NeRF and Gaussian Splatting for Robotics and Mapping
08.14.2024
Neural radiance fields, better known as NeRFs, as well as Gaussian Splatting have captured the attention of many in the tech community recently. Both are methods for building and representing environments for the purpose of Novel View Synthesis (NVS): given a set of images of a scene from multiple known viewpoints, the task is to realistically render new synthetic images from angles not included in the original data. The introduction of NeRF was a significant advancement, and both NeRF and Gaussian Splatting now form a spectrum of techniques with different tradeoffs, opening up new possibilities for 3D visualization and asset creation.
Beyond their visual appeal, NeRFs and Gaussian Splatting offer a way to tackle some real challenges.

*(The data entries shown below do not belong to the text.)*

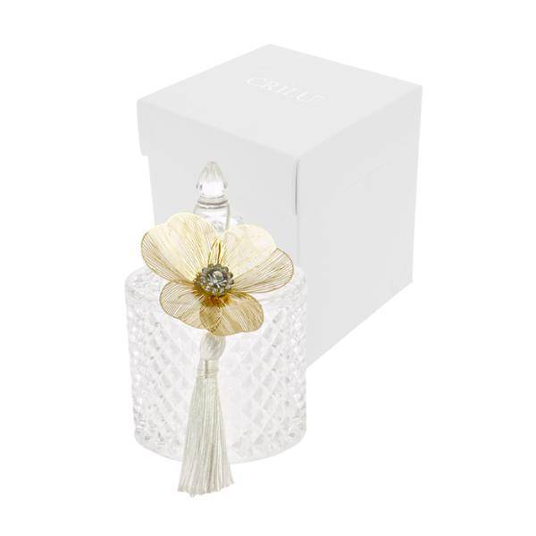 Bomboniera Crilù Scatolina vetro con fiori in filigrana oro cm 6,5 x 10 completa di confezione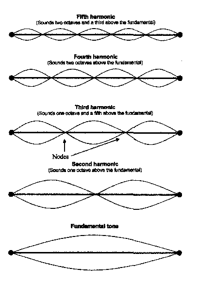 In mathematical terms we may say that the frequency of each harmonic is in inverse proportion to the size of the fraction. This means that the vibration of equal halves of a string produces double the frequency of the whole (and thus sounds an octave higher), the vibration of equal thirds triples the frequency (and therefore sounds an octave and a fifth higher than the fundamental note) and so on. The range of notes so produced is called the harmonic series.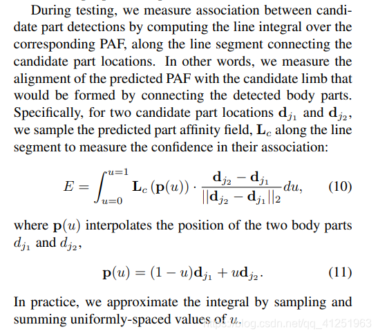,D_J = { d_j^m : for j in {1...J},m in {1...N_j}}$N_j代表身体部位j的候选个数,d_j^m in R^2 为身体部位j的第m个候选检测。这些检测的候选部位需要与同一个人的其他候选部位连接,换句话说,我们需要找到成对的身体检测,保证它们实际上是连接着的肢体。我们定义了一个变量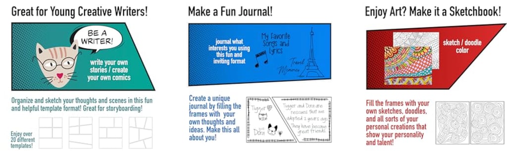 The comic format is a great way to encourage and inspire writing or journaling - anyone from someone eager and chomping at the bit to tell their stories to children who may be reluctant to write to people of all ages who find solace and relaxation in jotting down their thoughts.

AI models require a significant amount of training data. While many models can be trained using publicly available data, robotics presents the unique challenge of needing data specific to the platform and use-case. For example, an object detection model trained to recognize people from images typically captured at head height may not perform well on a small mobile robot with a camera mounted close to the ground. To adapt the model to this new camera height, additional training data specific to this perspective is required for fine-tuning.

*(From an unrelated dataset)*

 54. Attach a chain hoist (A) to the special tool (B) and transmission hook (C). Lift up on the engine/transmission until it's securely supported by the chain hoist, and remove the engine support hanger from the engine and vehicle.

When we render an image using Novel View Synthesis, we have precise knowledge of the camera position, providing us with highly accurate ground-truth data. Simulation is a popular solution in robotics to address the data scarcity issue, but it introduces the additional challenge of sim-to-real transfer. If the simulation data is too idealized and not sufficiently realistic, models that were trained on this data may struggle to generalize to real-world scenarios. NeRF and Gaussian Splatting offer a way to bridge this realism gap, producing more lifelike synthetic images compared to traditional rendering pipelines.

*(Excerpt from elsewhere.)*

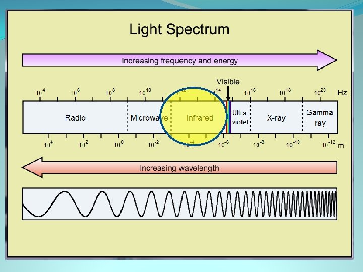 Infrared waves �Near infrared waves are used in TV remotes �Far infrared waves are what you feel when you feel heat from any source (oven, body heat) �We can’t see this with our eyes, but we have devices that can. (the previous colorful pictures) �Range from 1 cm to 1µm (1/100000 th of a m) �the size of cells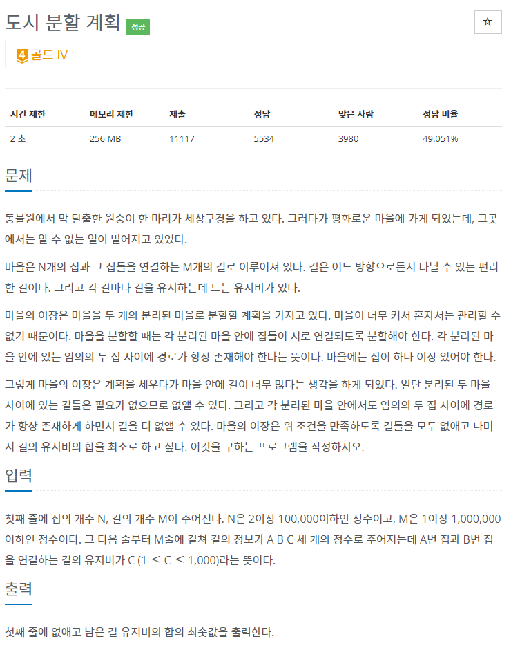 ์ฒซ์งธ ์ค์ ์ง์ ๊ฐ์ N, ๊ธธ์ ๊ฐ์ M์ด ์ฃผ์ด์ง๋ค. N์ 2์ด์ 100,000์ดํ์ธ ์ ์์ด๊ณ , M์ 1์ด์ 1,000,000์ดํ์ธ ์ ์์ด๋ค. ๊ทธ ๋ค์ ์ค๋ถํฐ M์ค์ ๊ฑธ์ณ ๊ธธ์ ์ ๋ณด๊ฐ A B C ์ธ ๊ฐ์ ์ ์๋ก ์ฃผ์ด์ง๋๋ฐ A๋ฒ

Visual and lidar mapping software can also benefit NeRF and Gaussian Splatting. As input, these methods require the precise pose of the training images. A popular choice is to use the Structure From Motion tool COLMAP, but our optimized trajectory poses from our mapping tool can serve as an excellent alternative. Additionally, the lidar point cloud can be leveraged to initialize the Gaussian Splatting optimization to yield significantly better results.
As we explore different ways to enhance our maps with more semantic information, NVS can also play a role in bridging between 2D and 3D. While several perception models exist that work directly on 3D data, there is still more maturity in the 2D models space, and we want to be able to leverage these as well. Not only can we use NVS to generate images for running 2D models directly, but we can also consider the potential to use known relationships between 2D and 3D to help supervise the training of 3D models.
NeRF and Gaussian Splatting represent significant advancements in Novel View Synthesis, unlocking new possibilities in this space. Progress in this area is still very active, with many researchers publishing improvements to both methods and developing hybrid approaches that leverage their complementary strengths. These innovations are making NeRF-based approaches faster and Gaussian Splatting approaches more compressed and scalable to large environments. At Kudan, we are excited by these developments and continue to monitor advancements in this space to understand their potential impact on mapping and perception.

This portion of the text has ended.